Data items:
------------------------------------

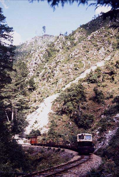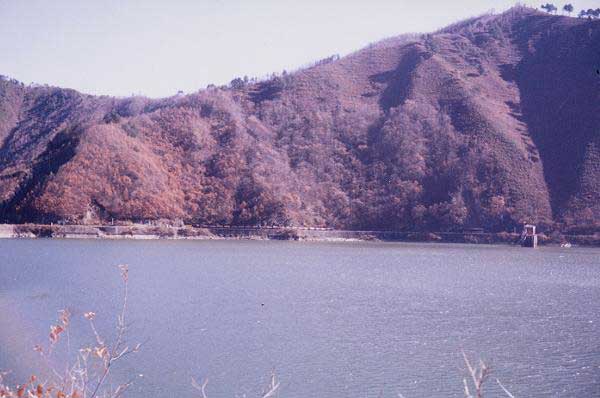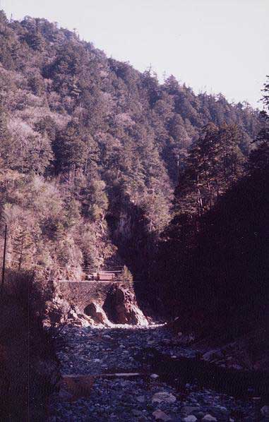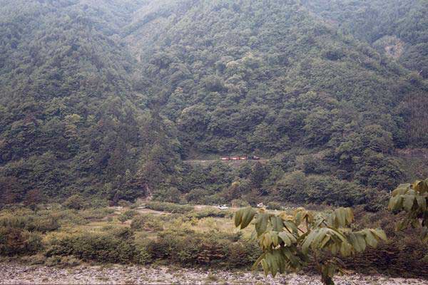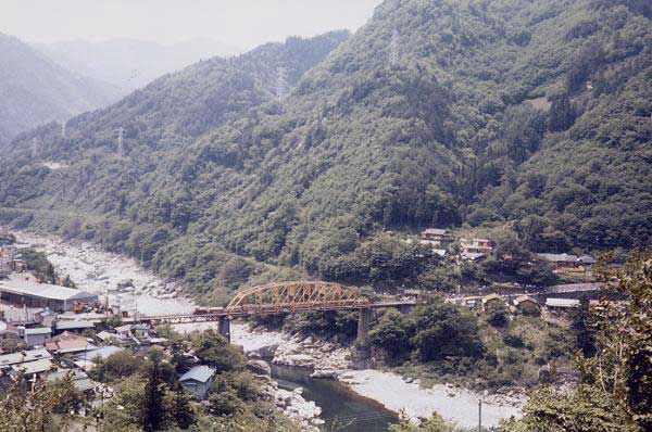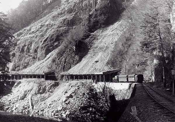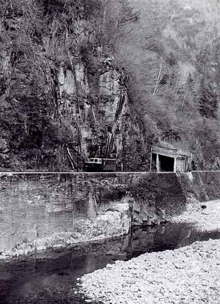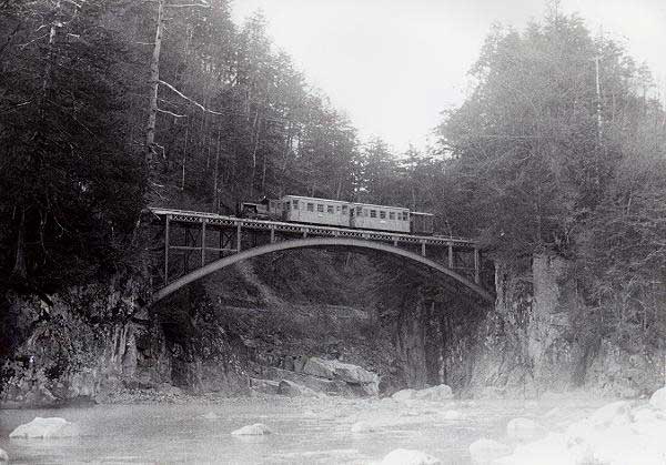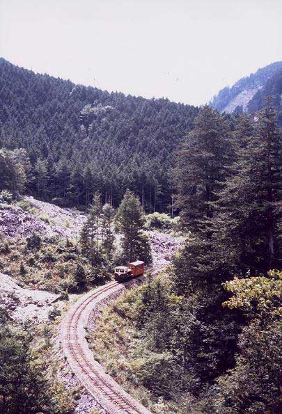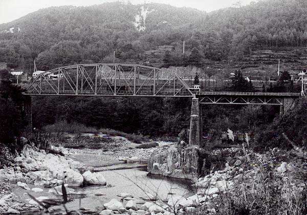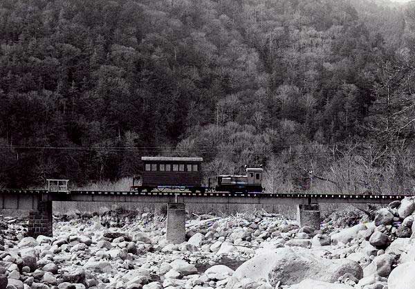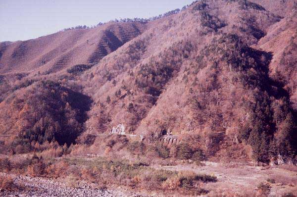 私は鉄道写真を模型の資料的に撮ることもあって、現在まで未だにモノクロ派なのですが、木曾森林鉄道については少しだけカラースライドでも撮影しています。今回は、皆さんがお待ちかねの木曾森林鉄道のカラー写真に、モノクロの走行写真を少し加えて計20枚を選定してみました。但し、モノクロの走行写真は数多く撮影しているので、全てお見せするとキリがありません。そこで「本当はカラーでお見せしかったのですが、露光条件やその他の事情でモノクロとなってしまった走行写真」と「編成的に興味があるもの」を少し混ぜてお見せすることにします。 走行写真についてですが、今更、撮影地ガイド的な話をしても仕方がないのですが、木曾森林鉄道王滝本線は平均して山の北側を走っているために撮影には悪条件でした。光線状態の良い所を列挙すると、小島付近の王滝川沿い、二子持付近の御岳湖沿い、氷ヶ瀬−下黒沢の日向淵、滝越−一ノ瀬間でした。もう一つ、終点本谷−土浦−堤防上間の三浦湖沿いはカナディアンロッキーのような素晴らしい風景なのですが、撮影の足場と現地へ行く足がほとんどないことと、撮影可能な列車本数が少ないため、ほとんど写真が発表されていないのが残念です。 ところで、今回のHPのために久々にカラースライドを保管箱から取り出したわけですが、経年により色調は変化し、ピントは甘くなり、カビにまで喰われていました。同じように保存しているモノクロのネガと比べると、カラースライドの方がカビに喰われやすく、また早くピントが甘くなっていくようです。ダイレクトプリントの時、色調の修正を依頼したのでサマになりましたが(修正するとダイレクトプリントの意味がない?)、甘くなったピントはどうしようもありません。このような駄作を皆様にお見せするのは「赤面もの」なのですが、王滝本線はカラーでの発表が少なく、シーナリーの製作などにも役立つと思われるので、恥を忍んで皆様にお見せする次第です。 ![]() @最初はやはり鬼淵の木曽川橋梁を渡る「みやま号」からです。2km程南の寝覚床から続く河原の美しさは現在も変わっていません。「みやま号」の上松行きは通常E型貨車が最後部になるのですが、この写真では途中でB型客車No.17を最後部に連結したのか、E型貨車が中間に挟まれていました。「編成的に興味があるもの」として選んだ一枚です。1974-11-14 ![]() A紅葉時に小島付近の王滝川沿いを行く「みやま号」。この場所は朝しか陽は当たりませんが、前後2km程が一望にできる上、道路上から安易に撮れる有名撮影地でした。惜しむらくは編成が短いことと、紅葉時には客車の色が保護色となるため、45 mmの準広角固定のレンズシャッター付きカメラでは、どこに列車が写っているのか分からない風景写真となりました(画面中央少し右に列車が走っています)。この付近の紅葉は10月末から11月初旬なので、かなり葉は落ちてしまいましたが、それでも2km以上先、画面左端からエンジン音を響かせ木曾酒井C4が現れ、いくつものトンネルを抜け、最後に御嶽山をバックにして去っていくのは、1つのドラマを見ているように感動する美しさでした。1974-11-15 ![]() BAの写真を撮った後、少しカメラを右に振るとこのような山間を行く風景になります。「みやま号」では編成が短いので、その1本前に来た運材台車の回送でお見せします。運材台車の回送は運材列車の約半分の長さですが、このように短いトンネルなら編成が突き抜けた面白い写真になりました。1974-11-15 ![]() CAの写真を撮った後、振り返るとこのように、御嶽山をバックにのどかな里村を行く「みやま号」が撮れます。この写真は本当にカラーでお見せしたかったのですが、135 mmクラスの望遠レンズが必要なため、モノクロとなってしまいました。もう少し先で撮れば、さらに大きく御嶽山が入るのですが、残念なことに発電所があるので仕方がありません。この位置でも送電鉄塔が邪魔ですが、モノクロでも結構目立ちます。里村では稲刈り後の藁を干していますが、この地方特有の干し方で、何とものどかな風景を醸し出してくれました。1974-11-15 ![]() D二子持付近の御岳湖沿いを行く運材列車(右から左に走っています)。この当時は運材列車が「1日1本あるかどうか」というところまで減少していました。友人と協議の結果、「望遠レンズで連写ができる」という理由でこの場所に決定しました。ただ、御岳湖の水は透明度が非常に悪く、下流の寝覚床のような色を期待していた我々は失望ものでした。ところで、運材列車の音について一言。屋久島に行かれた方はご存じですが、たった1台の運材が降りてくるだけで凄い音がします。それが十数台連なって山から下りてくるときは、「ゴー」という音が10分以上前から山々に響いて驚くべき凄い音がします。その音量と迫力は、C62重連の「ニセコ」のそれと比べても遜色ないものでした(音質は少し違います)。1974-11-15 ![]() E有名な大鹿淵を
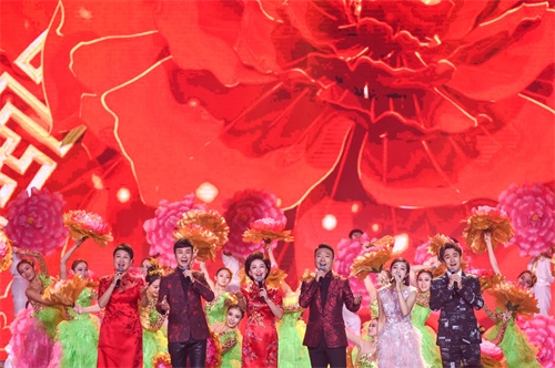 ↑1月20日,张凯丽、江涛、海霞、康辉、喻越越、翟天临(从左到右)在大联欢上演唱歌曲《百花迎春》。
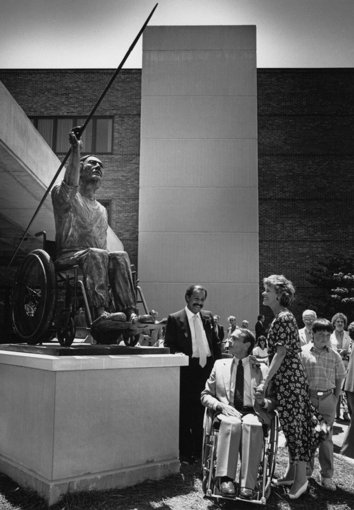This space is devoted to Blackville residents honored as Hall of Fame heroes. On view, for example, are two orange javelins that belonged to Terry Lee, a paralympic champion who was born and reared in Blackville. Lee was paralyzed from the waist down at age 13 after being shot in the back during a hunting accident. Lee’s determined rehabilitation led him to become a competitive javelin thrower and basketball player, and an inspiration to spinal cord injury patients at the Shepherd Center in Atlanta. A larger-than-life size statue of Lee (pictured at the end of this post) is on display at the entry of the Shepherd Center. In addition to his athletic prowess, Lee had a successful career with Adams-Cates Realty Co. in Atlanta, Ga. He passed away in 2016 at age 74, in the home he had built on his grandfather’s farm near Blackville.
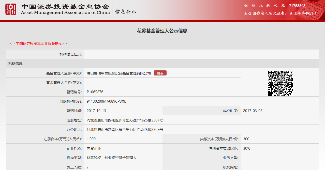 唐山嘉信中聯(lián)股權(quán)投資基金管理有限公司(以下簡稱“嘉信中聯(lián)公司”)是由海明聯(lián)合能源集團(tuán)中聯(lián)投資管理有限公司全資控股,專門從事股權(quán)類投資基金管理的公司,于2017年10月13日私募基金管理人牌照,登記編號:P1065276。
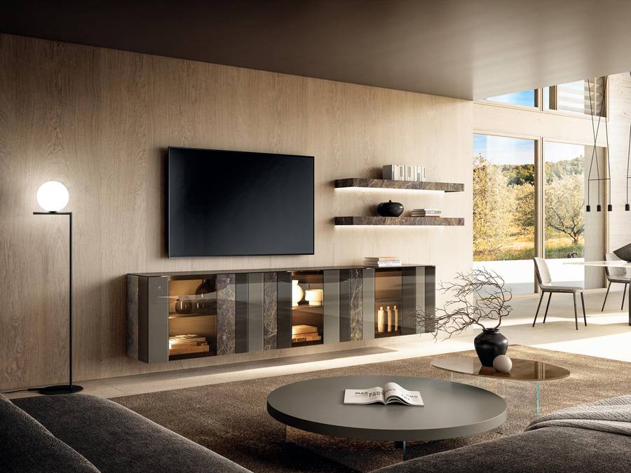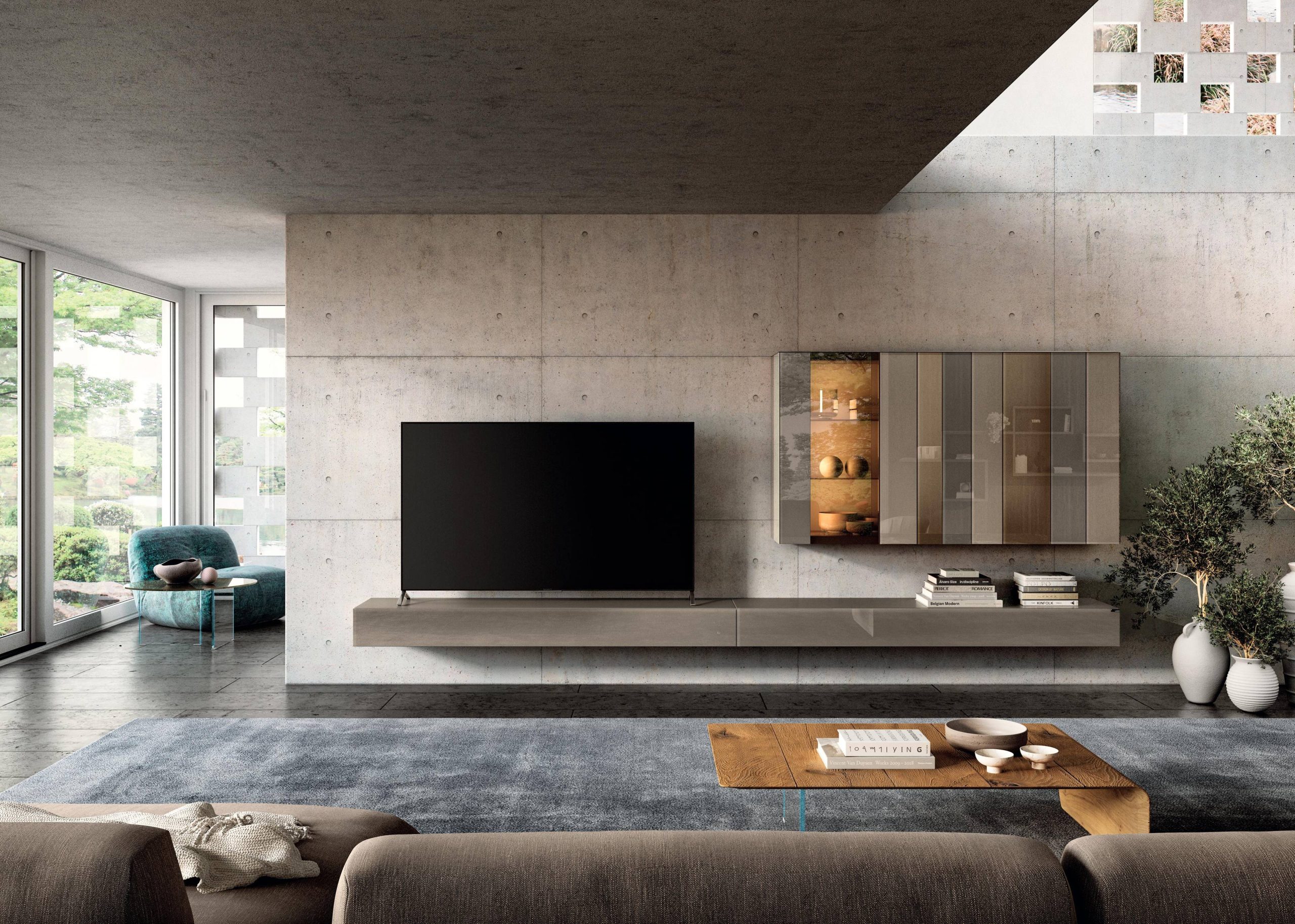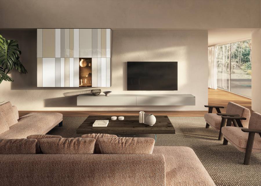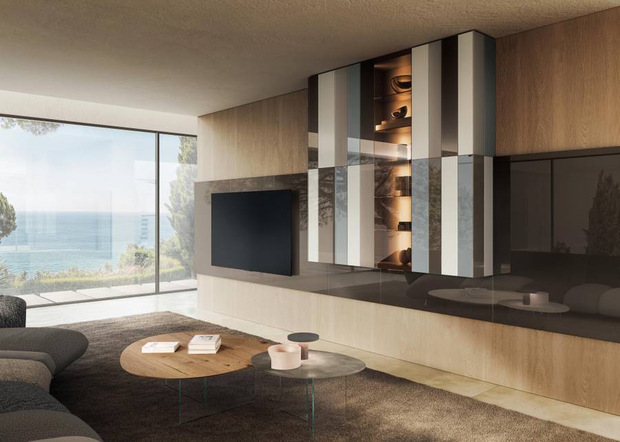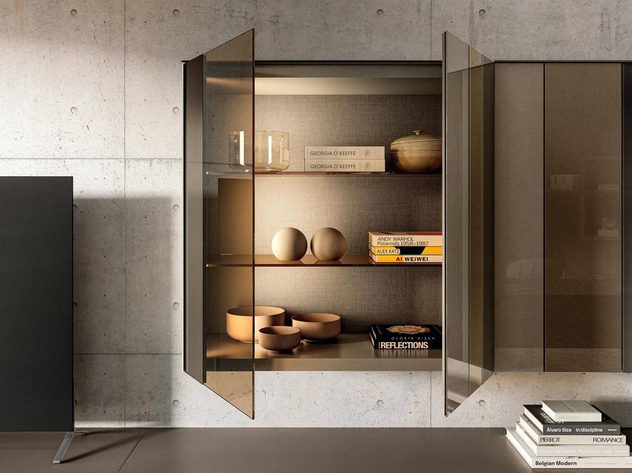 La parete attrezzata diventa estremamente funzionale grazie ad un grande volume contenitivo con apertura brevettata, reso leggero e dinamico dalla sospensione e dal ritmo delle fasce in vetro, di diverse misure e personalizzabili singolarmente. N.O.W. può accogliere eleganti ante in vetro trasparente bronzato che, arricchite da un sistema di illuminazione, mostrano un empatico dialogo tra esposizione e contenimento. Un elemento d’arredo modulare che si adatta ad ogni spazio ed esigenza di contenimento.
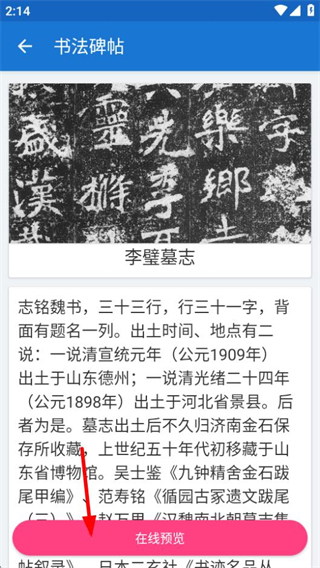 3、在碑帖详情页面,点击在线预览按钮,可查看该碑帖的完整内容。
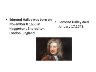 Edmond Halley was an English scientist born in 1656 who made important contributions to astronomy, physics, and mathematics. He is best known for predicting the orbit of Halley's Comet and publishing the first mathematical model of its orbit. Halley studied many fields including geophysics, mathematics, meteorology, and physics. He published an influential book reconstructing the lost book of conics by Apollonius.
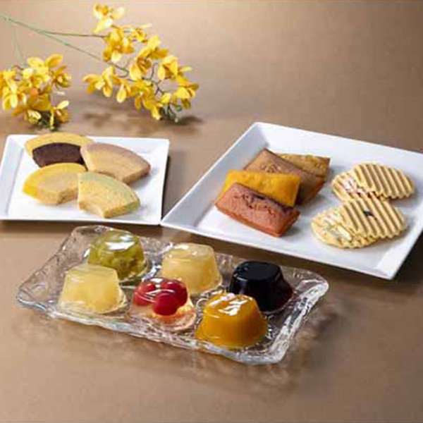 生地にフルーツピューレを混ぜ込み焼き上げたフルーツフィナンシェ。国産果汁を使用したフルーツゼリー。サクサクとした食感のワッフルにクリームをサンドしたヴァッフェル、さらにフルーツクーヘンをバラエティ豊かに詰合せました。
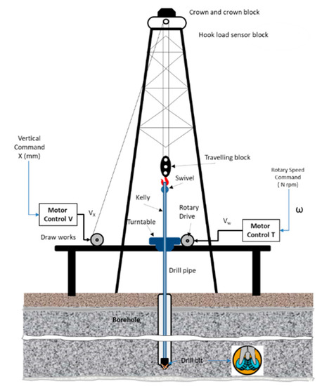 A basic rotary drilling method was taken into account for this analysis; see Figure 2. This type of drilling system was used because the most common drilling system is now used to reach the reservoirs of fossil fuel below the surface of the earth. By spinning a drill bit, the rotating drilling mechanism produces a drill hole. Normally, an electric motor mounted on the surface supplies the energy for rotation.
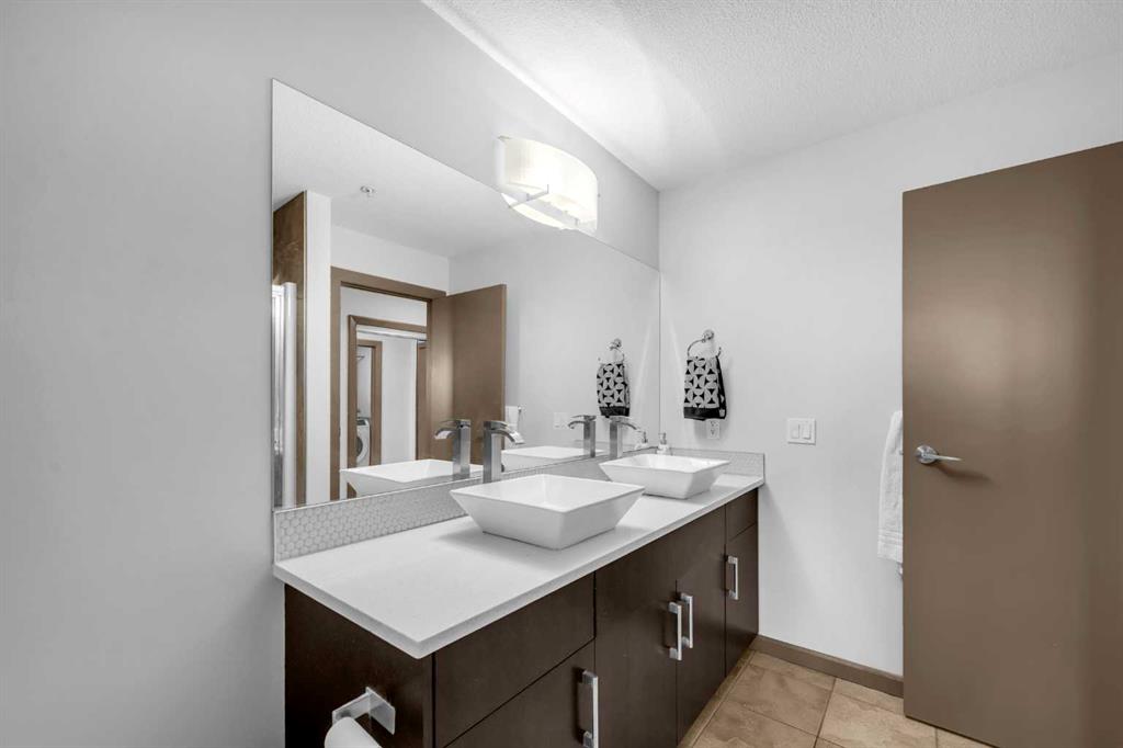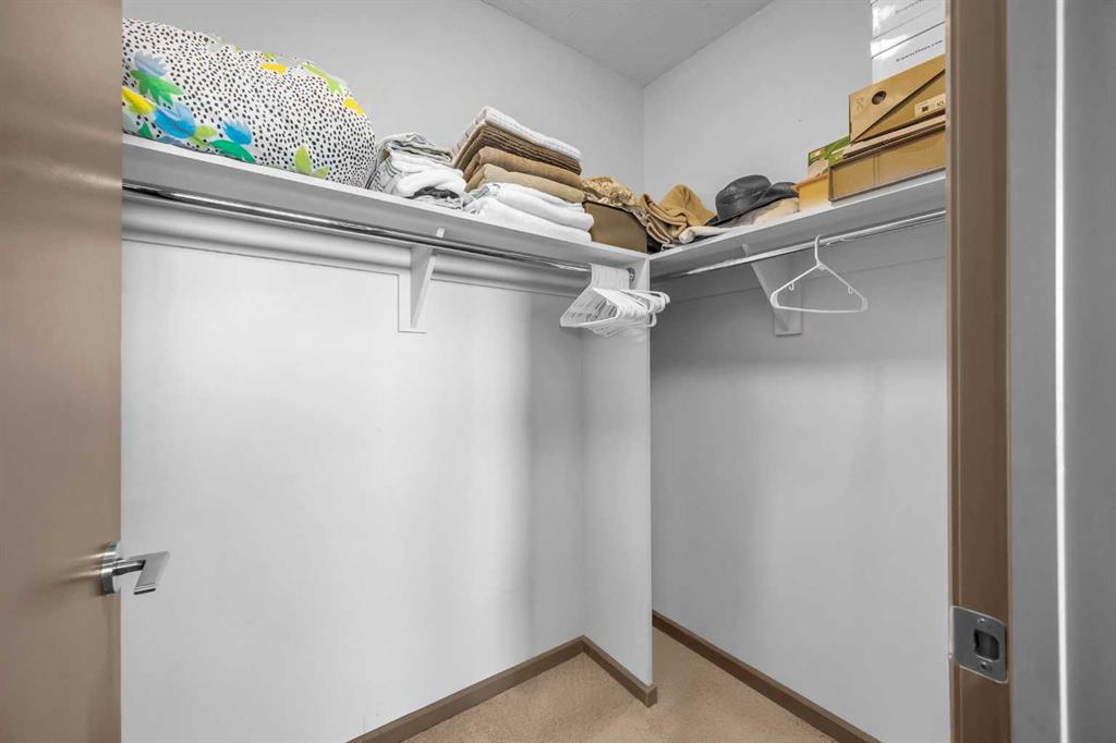 The primary bedroom is a true retreat, offering breathtaking south-facing vistas of the Rocky Mountains and spectacular sunsets. Natural sunlight streams in throughout the day, enhancing the sense of space and tranquility. The large walk-through closet is equipped with custom organizers, providing ample storage and easy access. The luxurious primary ensuite features a spacious 4-piece layout, making it an ideal sanctuary for relaxation and privacy.

------------------------------------

Problem details >> Only one stretch of the entries above is needed: the lines from the one containing "La parete attrezzata" through the one containing "3、在碑帖详情页面,点击在线预览按钮,可查看该碑帖的完整内容。". Copy it exactly, without the pictures.

Solution to this problem >>
 La parete attrezzata diventa estremamente funzionale grazie ad un grande volume contenitivo con apertura brevettata, reso leggero e dinamico dalla sospensione e dal ritmo delle fasce in vetro, di diverse misure e personalizzabili singolarmente. N.O.W. può accogliere eleganti ante in vetro trasparente bronzato che, arricchite da un sistema di illuminazione, mostrano un empatico dialogo tra esposizione e contenimento. Un elemento d’arredo modulare che si adatta ad ogni spazio ed esigenza di contenimento.
 3、在碑帖详情页面,点击在线预览按钮,可查看该碑帖的完整内容。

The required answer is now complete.